From Special Collections and Archives: Fire Insurance Surveys

Three important items that give a snapshot of the physical layout of the College during the Depression are the 1932, 1938, and 1941 fire insurance surveys. As many local historians know, fire and property insurance records often provide details and information about communities and structures that are not easily located in other resources, and this is true of the R-MC insurance documents.

1938 Insurance Values for Several R-MC Buildings.
1938 Insurance Values for Several R-MC Buildings.

In addition to the value of each structure, the descriptions and details on the buildings include information that varies with each structure: the type of construction and materials used; the function of the building and in some cases, changes since the last insurance assessment; building layout and room use; the physical condition of the building; the building’s location; and who occupied the structure.
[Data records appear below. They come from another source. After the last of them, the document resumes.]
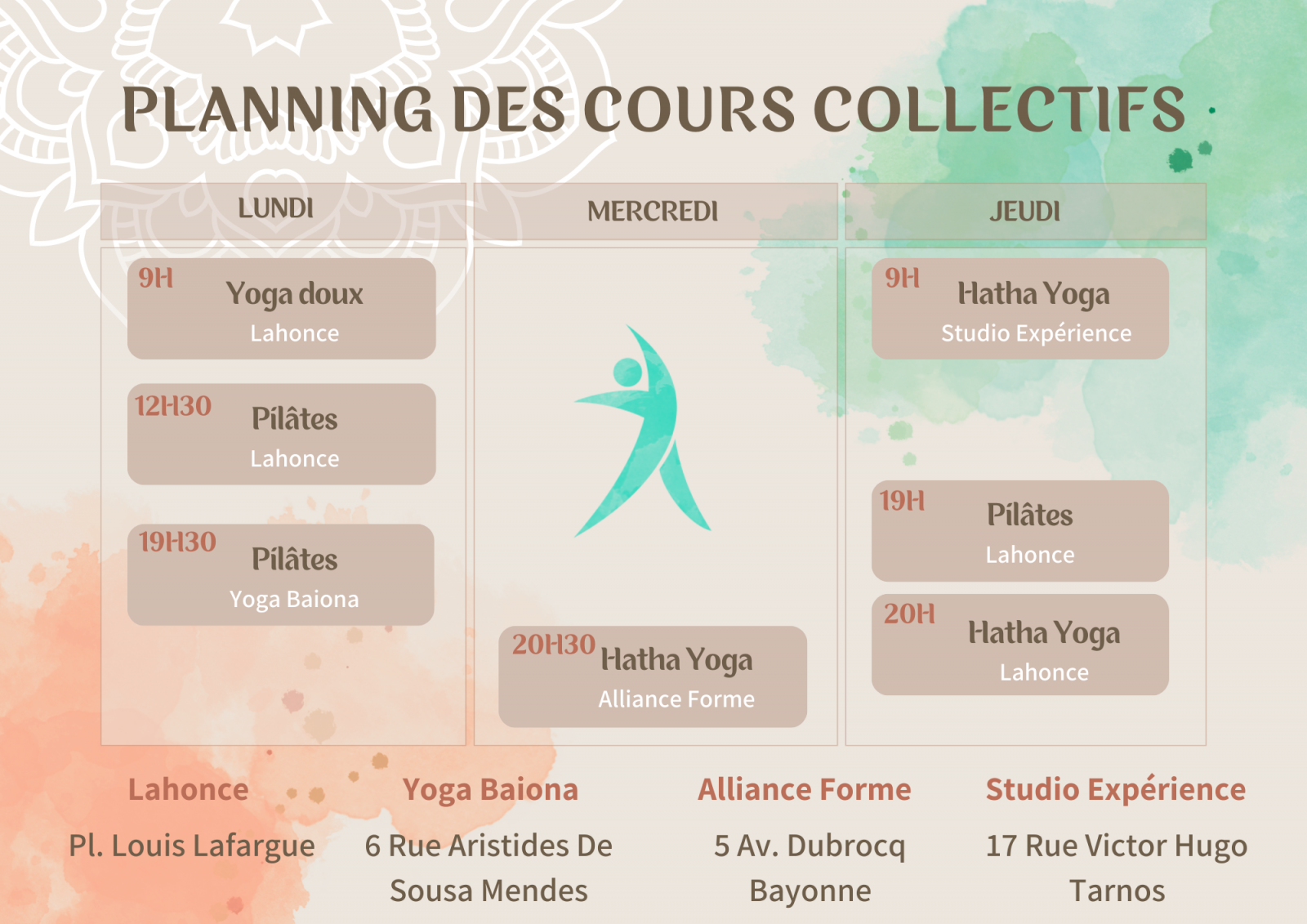 Voici les tarifs des cours et ateliers, en présentiel et en ligne, à Bayonne, Tarnos, et Anglet.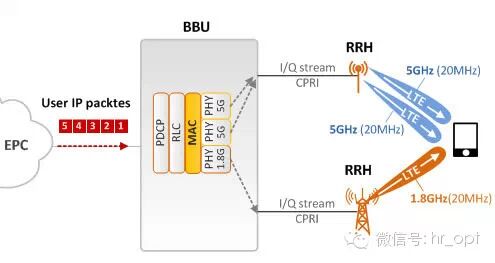 如上图所示,LTE 1.8GHz频段20MHz,5GHz RRU频段40MHz,两者合并一共60MHz,这相当于3载波聚合,可提供450Mbps峰值速率。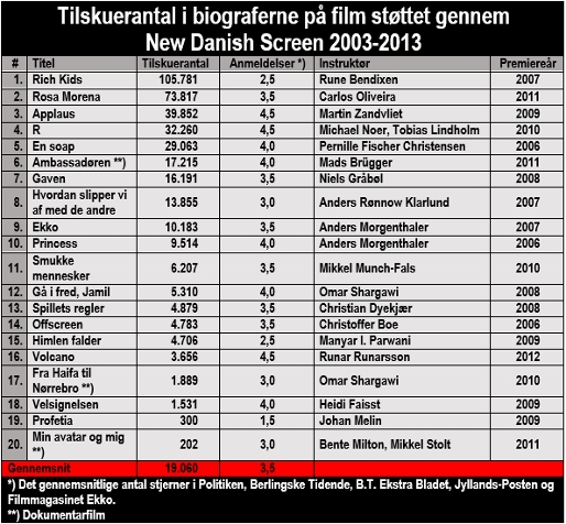 Tyve New Danish Screen-film – sytten spillefilm og tre dokumentarfilm – er i årene 2003-2013 blevet vist i biograferne. De er i alt blevet støttet med kr. 85,1 mio. og har samlet tiltrukket sølle 381.194 tilskuere – nogenlunde det samme som en enkelt Far til Fire-film.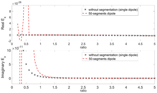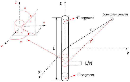 - Segmented Cable Case with Near Field Approximation: is when the electric field is evaluated from the superposition of the electric fields of N segment dipoles, each having a length equal to L/N, laying consecutively on the cable path with its center at −L/2 + L/2N + i*L/N (i = 0, …, N − 1), and contributing to the total field with its segment field calculated from (4)–(6).
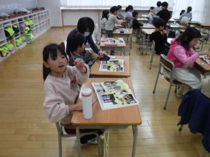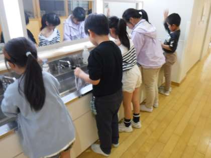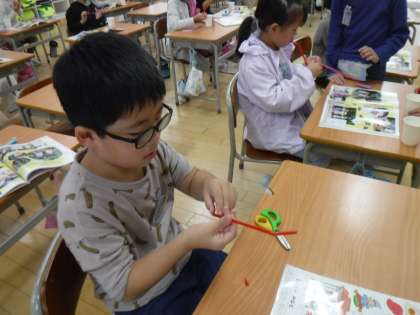 10月20日(金)生活科の学習で、シャボン玉作りを体験している1年生。ストローの先を切り、シャボン液をもらい・・・。こぼしてしまった友達を手助けしている素敵な1年生の姿がありました。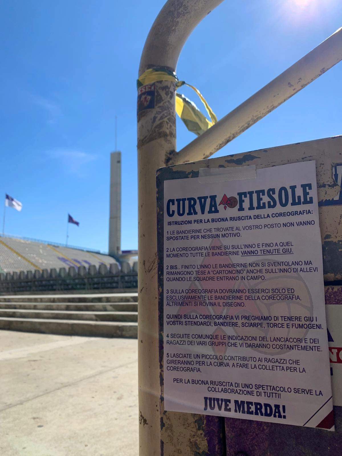 Domani in occasione di Fiorentina-Juventus ci sarà una grande coreografia allo stadio Franchi, sia in Curva Fiesole che in tribuna maratona. Ecco le indicazioni dagli spalti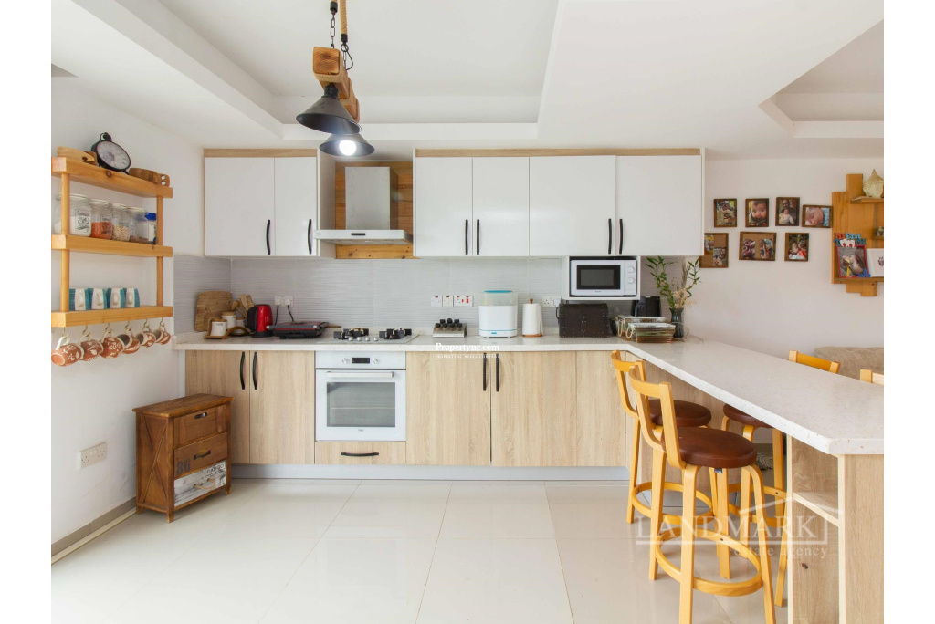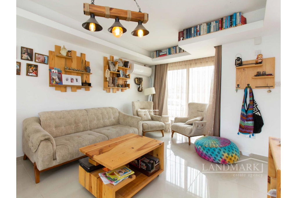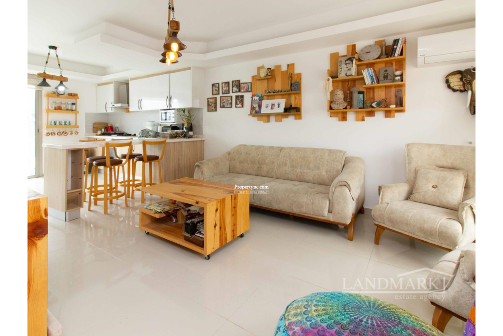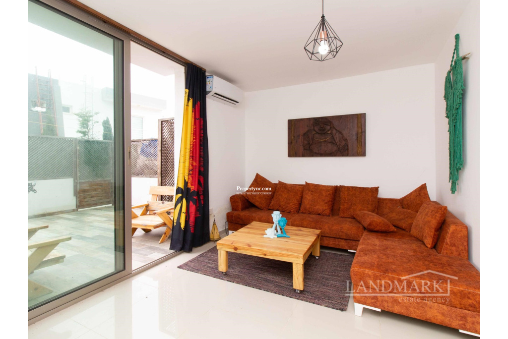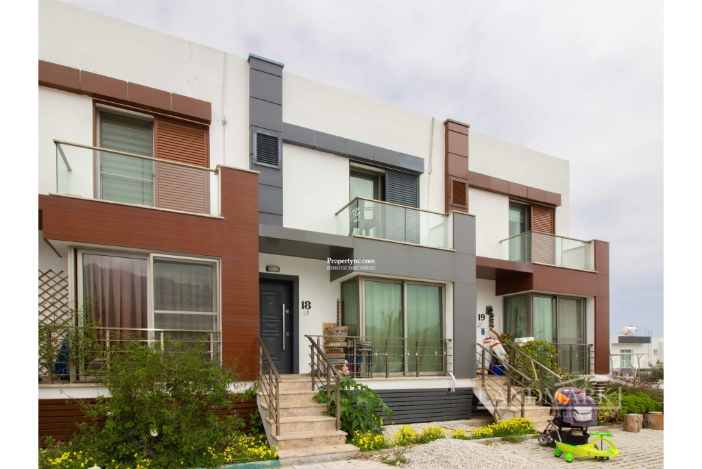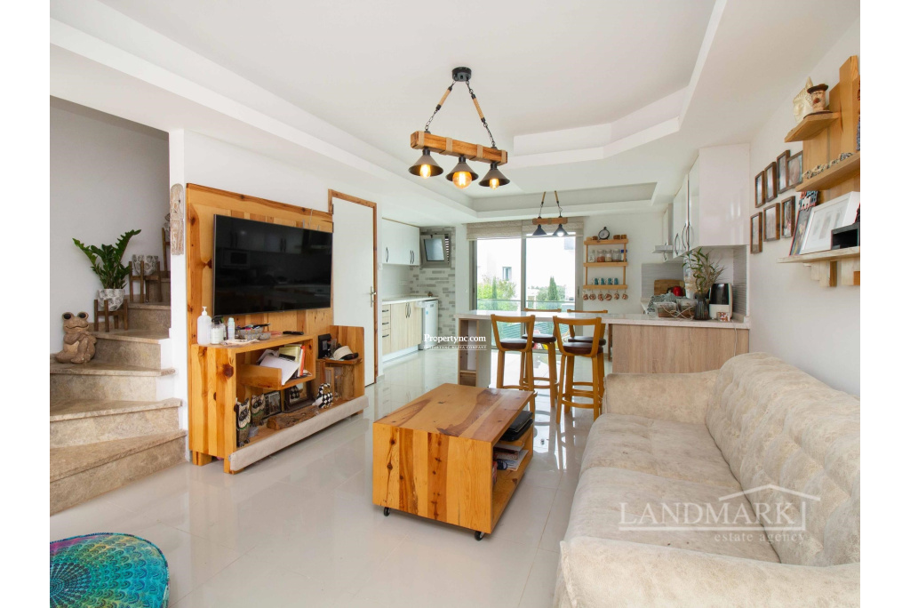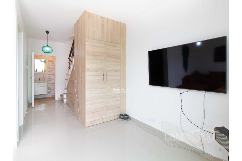 Upon entering this exquisite triplex townhouse, you're immediately welcomed by an open-plan kitchen and living area as well as stairs that go to the first floor. The blend of modern design and cozy comfort is both inviting and relaxing. The kitchen features elegant wood cabinets and sleek white countertops, balanced by chic bar stools for casual dining. On the left side of the kitchen there is a door that opens up to the stairs that go down to the lower level. Moving down to the lower level, a thoughtful layout maximizes privacy and convenience. A nearby toilet adds comfort and accessibility. To the right, a spacious bedroom with floor-to-ceiling wardrobes offers ample storage without sacrificing style. Further exploration reveals a secondary living room that opens to a large terrace. Floor-to-ceiling windows fill the room with natural light. Furnished with plush couches, this space is perfect for quiet moments of privacy. On the first floor, you'll find the ultimate luxury with two ensuite bedrooms, each with its own unique charm. Balconies offer breathtaking views of mountains from one room and the serene sea from the other. In this triplex townhouse, attention to detail and thoughtful design combine to create a comfortable living experience, filled with warmth and sophistication. 135m² internal area 155m² including terraces Exchange title deed Completed in 2021 Title deed in the owners name VAT paid Common swimming pool 2 en-suite bedrooms all to the first floor with showers 1 bedroom to the lower floor 2 living room one on the ground floor and one on the lower level 1 W C to the lower floor Fully fitted kitchen Kitchen appliances 5 tonnes of water storage Open parking space Terrace on the lower floor - REF: 2148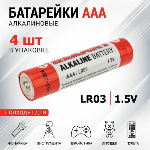 Долговечные алкалиновые батарейки типа AAA LR03 мизинчиковые, 1.5 В, 4 шт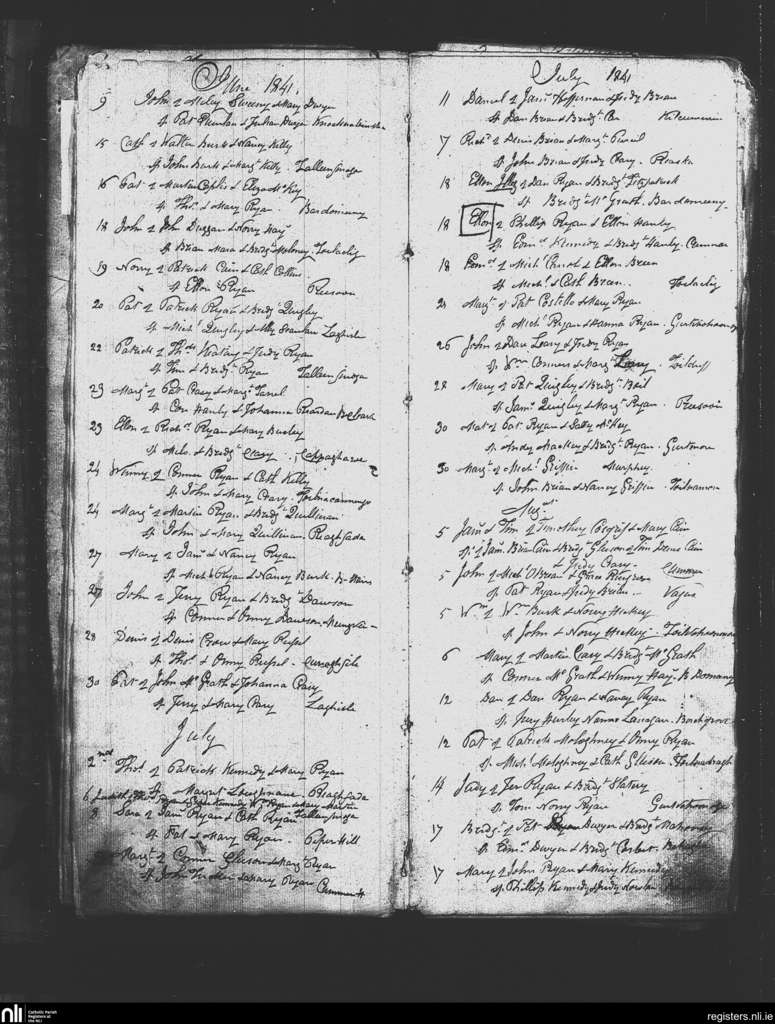 Kilcommon; County of Tipperary; Diocese of Cashel and Emly. Baptisms, June 1841 to Aug. 1841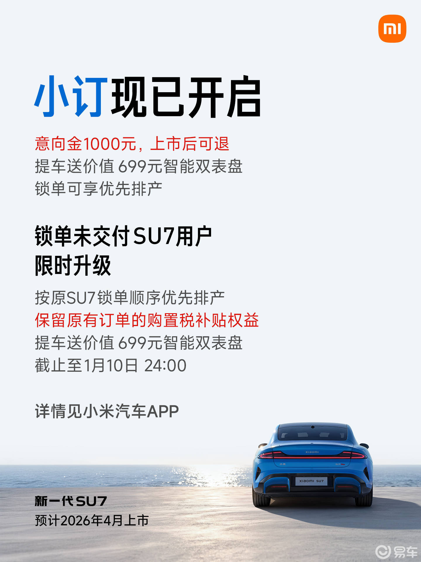 关于小定权益,销售表示,支付小定后即可进入交付排队序列,享有优先提车权,但小定若要取消,须等到4月正式上市后才行。销售特别提醒,小定截止时间为1月10日。此外,小定用户还可获赠699元的双表盘配件。对于老款车型,销售称目前小米汽车官方小程序已下架老款SU7的下定入口,老款大概率将停产。尚未提车的老款订单用户,可直接转为新款SU7,仅需补足差价,但下定YU7的用户无法转订新款SU7。

While the 1932 insurance inventory is brief and primarily lists buildings, values, and points out safety problems that should be resolved (don’t store cleaning supplies under wooden staircases!), the 1938 and 1941 inventories include much more information as well as photographs, which in some cases are the only visual representations we have of some structures such as storage buildings, garages, and yes, the corn crib, stables, and chicken houses!

Stable and Corn Crib on R-MC Campus, 1938
Stable and Corn Crib on R-MC Campus, 1938

The 1938 inventory indicates that the building designated as Cottage #7 “…was formerly a dormitory and lunch room but is now not used except one room on first floor which is occupied by one of the students who sells ice cream to other students on the campus.”   Also, one of the garages since the 1932 inventory “…has been enlarged to accommodate a school bus….”  The Gymnasium Building (Crenshaw) was used “solely as a Gymnasium, except for occasional school dances.”  Washington-Franklin Hall, now home to the History Department, was the Administrative Building. The Washington Room and the Franklin Room on the first floor were used by the College’s two literary societies while the second floor housed all of the administrative offices, the college book store, and the Y.M.C.A. rooms. The Y.M.C.A., the Young Men’s Christian Association, was one of the largest student organizations.

Washington Franklin Hall, 1938
Washington Franklin Hall, 1938

One of the fun things to notice in the insurance photos is the cars parked right by the buildings. During that time period, students and faculty just drove up to the buildings and parked,  whether there were drives and parking areas or not. There were so few cars on campus that parking was very convenient!

These inventories provide a great overview of the campus and add to our understanding of how it has evolved over time.